By pigwhisperer, January 28, 2012

Oxum, the goddess

I recently read “Cinderella Ate My Daughter: Dispatches From the Front Lines of the New Girlie-Girl Culture.” It’s a book about how and why little girls are systematically bombarded with Disney princesses, the color pink, sexualized dolls like Bratz and Monster High, baby beauty pageants, and the like.

Emília is only three months old and yet I felt compelled to read this book. Why now? It might be because we are already faced with questions about her femininity, and she is barely out of her newborn-looking-like-a-bald-alien phase.

Here, it’s common to pierce a baby girl’s ears at birth. So common that hospital nurses often offer their services (for a small fee) to do the piercing. I have pierced ears. I have nothing against earrings. But my husband and I didn’t want to pierce Emília’s ears.
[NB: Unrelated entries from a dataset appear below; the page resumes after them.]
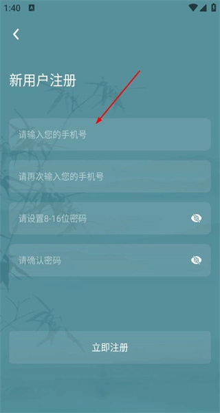 进入新用户注册界面,输入手机号码并再次填写以确认,设置满足要求的密码后,点击“立即注册”按钮即可完成注册流程。
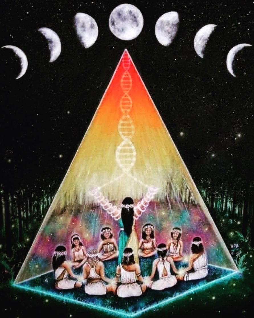 Proprio come le donne che oggi vivono assieme nei convitti studenteschi femminili o in altre situazioni di vita comunitaria, sincronizzano il loro ciclo mestruale e finiscono con l’avere le mestruazioni nello stesso periodo, allo stesso modo l’energia kundalini è contagiosa nei cerchi di donne. Nei tempi antichi le comunità sembravano trarre vantaggio da questo fatto e santificavano questo fenomeno, mettendo il ciclo del sangue femminile al centro della loro organizzazione sociale.
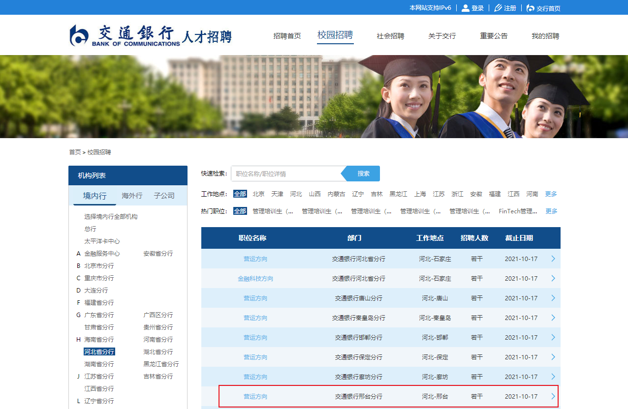 2022交通銀行河北邢臺分行校園招聘信息已發(fā)布,報名時間:2021年10月17日截止,現(xiàn)將招聘詳情發(fā)布如下:
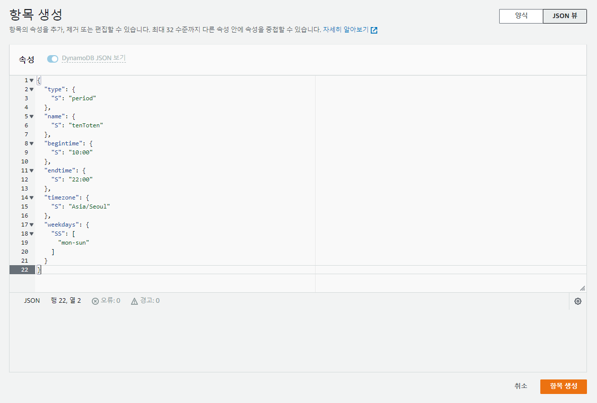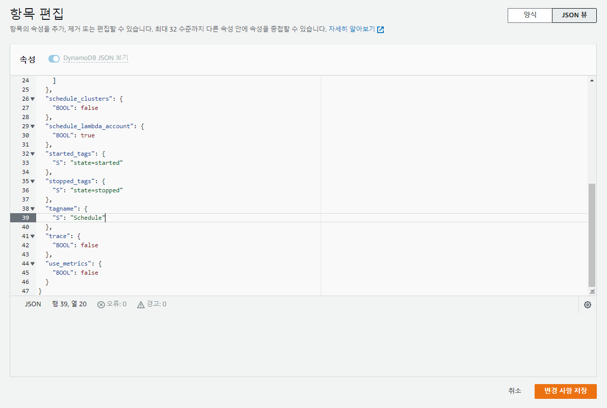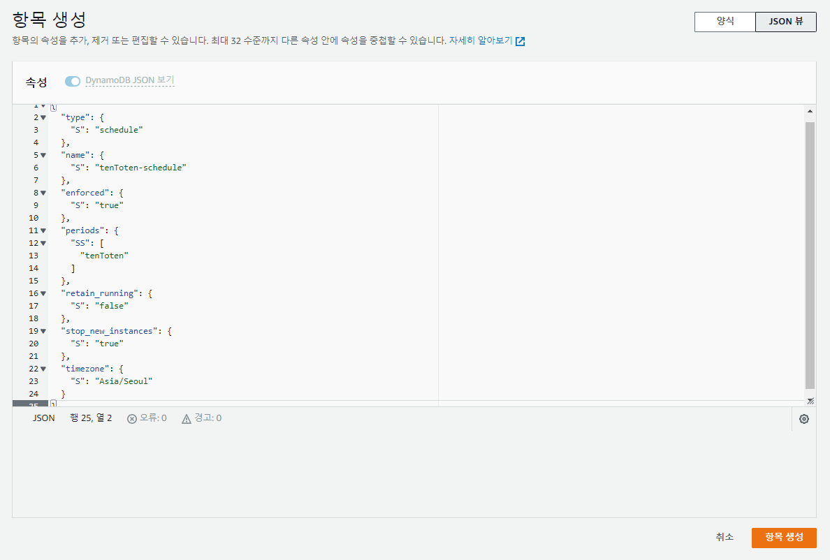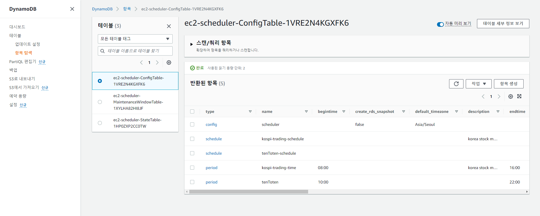 스택을 생성하게 되면 DynamoDB에 스케줄러 세부 설정을 할 수 있는 테이블이 자동으로 생성됩니다.
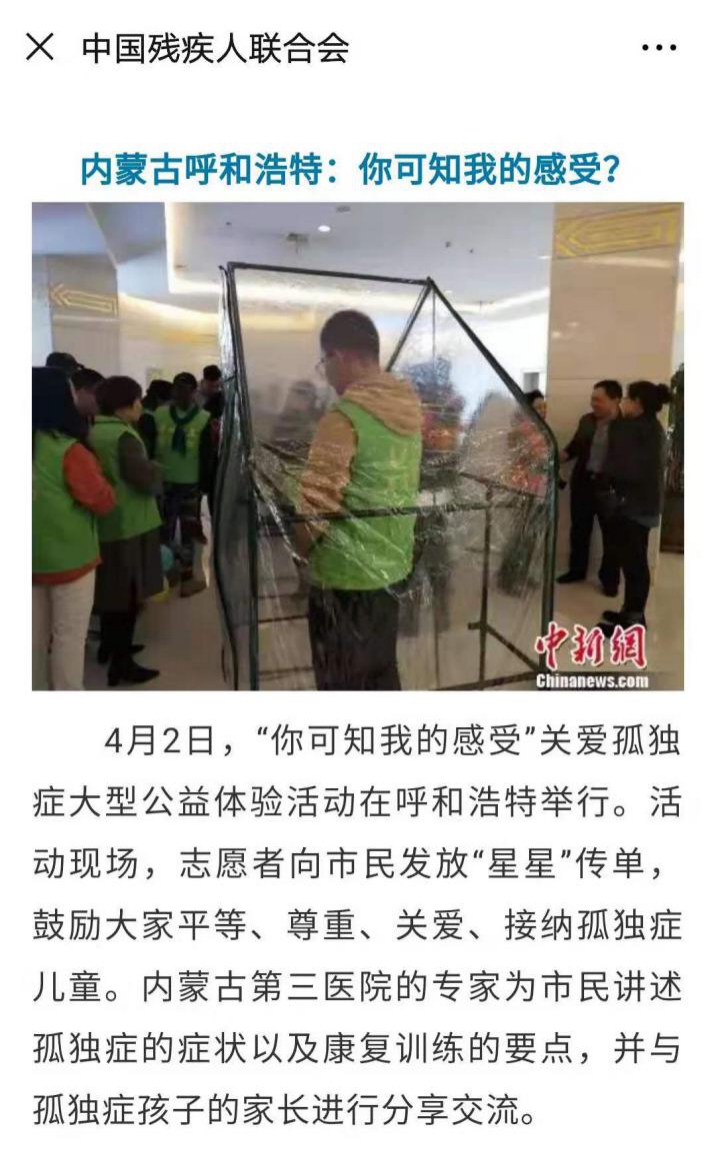 2019年3月30日世界自闭症日“你可知我的感受”主题活动方案,被中国残疾人联合会采纳。
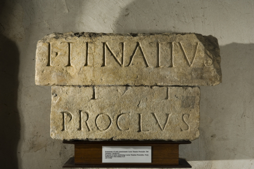 - ISCRIZIONI fronte - L(ucius) Tenatius / L(uci) f(ilius) / Proclus. - Lettere posate maiuscole - Incisione - latino
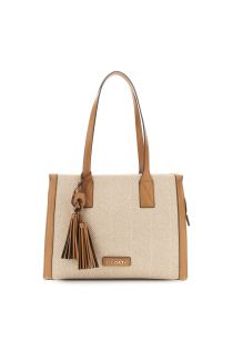 Tweed bag with contrasting leather-look details, tassel charm, and metal lettering patch. A flat back pocket and chic urban style.

It’s not that I didn’t want my daughter to suffer the pain of piercing–as a newborn she’d never remember it. I simply wanted her to be a baby. No jewelry. No make-up. No accessories. Just a chubby, temperamental, lovely baby. This has proven difficult to explain to the many well-meaning people who comment on why our baby’s ears are not pierced. “Why not?” they ask in a shocked or reproachful tone, as if James and I had announced to them that we’d decided never to bathe our daughter.
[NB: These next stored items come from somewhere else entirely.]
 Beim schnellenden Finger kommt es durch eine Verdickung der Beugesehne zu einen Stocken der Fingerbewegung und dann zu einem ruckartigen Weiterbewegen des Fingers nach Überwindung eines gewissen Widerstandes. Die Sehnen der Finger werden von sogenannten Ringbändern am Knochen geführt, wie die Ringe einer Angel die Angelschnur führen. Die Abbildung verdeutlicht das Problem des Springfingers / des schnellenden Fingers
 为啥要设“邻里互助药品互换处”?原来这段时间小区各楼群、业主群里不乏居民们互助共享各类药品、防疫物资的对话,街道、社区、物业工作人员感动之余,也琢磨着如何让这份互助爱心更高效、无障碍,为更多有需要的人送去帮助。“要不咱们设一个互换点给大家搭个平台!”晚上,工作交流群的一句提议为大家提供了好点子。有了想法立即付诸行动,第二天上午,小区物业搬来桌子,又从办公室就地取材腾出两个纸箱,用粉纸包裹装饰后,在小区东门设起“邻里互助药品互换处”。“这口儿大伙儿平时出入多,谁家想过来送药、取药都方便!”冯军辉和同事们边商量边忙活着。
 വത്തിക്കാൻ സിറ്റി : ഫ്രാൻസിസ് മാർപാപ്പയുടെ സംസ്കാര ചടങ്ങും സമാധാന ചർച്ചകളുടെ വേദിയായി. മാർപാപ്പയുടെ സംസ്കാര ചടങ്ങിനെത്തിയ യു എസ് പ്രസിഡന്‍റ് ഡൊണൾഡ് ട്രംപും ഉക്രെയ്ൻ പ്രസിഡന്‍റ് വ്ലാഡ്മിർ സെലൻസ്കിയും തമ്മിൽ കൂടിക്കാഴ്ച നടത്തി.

So, I was thinking about femininity when I read a reference to Peggy Orenstein’s book in the New York Times. The book is a quick read. It’s interesting, at times funny, and at times a little preachy and over-the-top. There are many moments when Orenstein’s conversations with her own daughter rubbed me the wrong way, in that I felt she overvalued the masculine: Tonka trucks and dragon bike helmets are good while fairies and princesses are bad. But overall Orenstein makes some really valuable points about how, over the past 20 years, Disney princess culture has been aggressively and strategically marketed to little girls, how oftentimes shopping is the only path to intimacy between mothers and daughters, how “wholesome” dolls like the American Girl collection are often too expensive for most little girls to own, and how associating the color pink with little girls is a relatively new phenomenon.

“In the era before Maytag,” Orenstein writes, “all babies wore white as a practical matter since the only way of getting clothes clean was to boil them…when nursery colors were introduced, pink was actually considered a mire masculine hue, as pastel version of red, which was associated with strength. Blue, with its intimations of the Virgin Mary…symbolized femininity.”

There is a photo of my grandfather from around 1903. In it, he must be about three years old. He wears a dress and has long hair. Back then, androgyny was the norm for children of a certain age. Now, even hospital bracelets in the maternity ward are pink or blue.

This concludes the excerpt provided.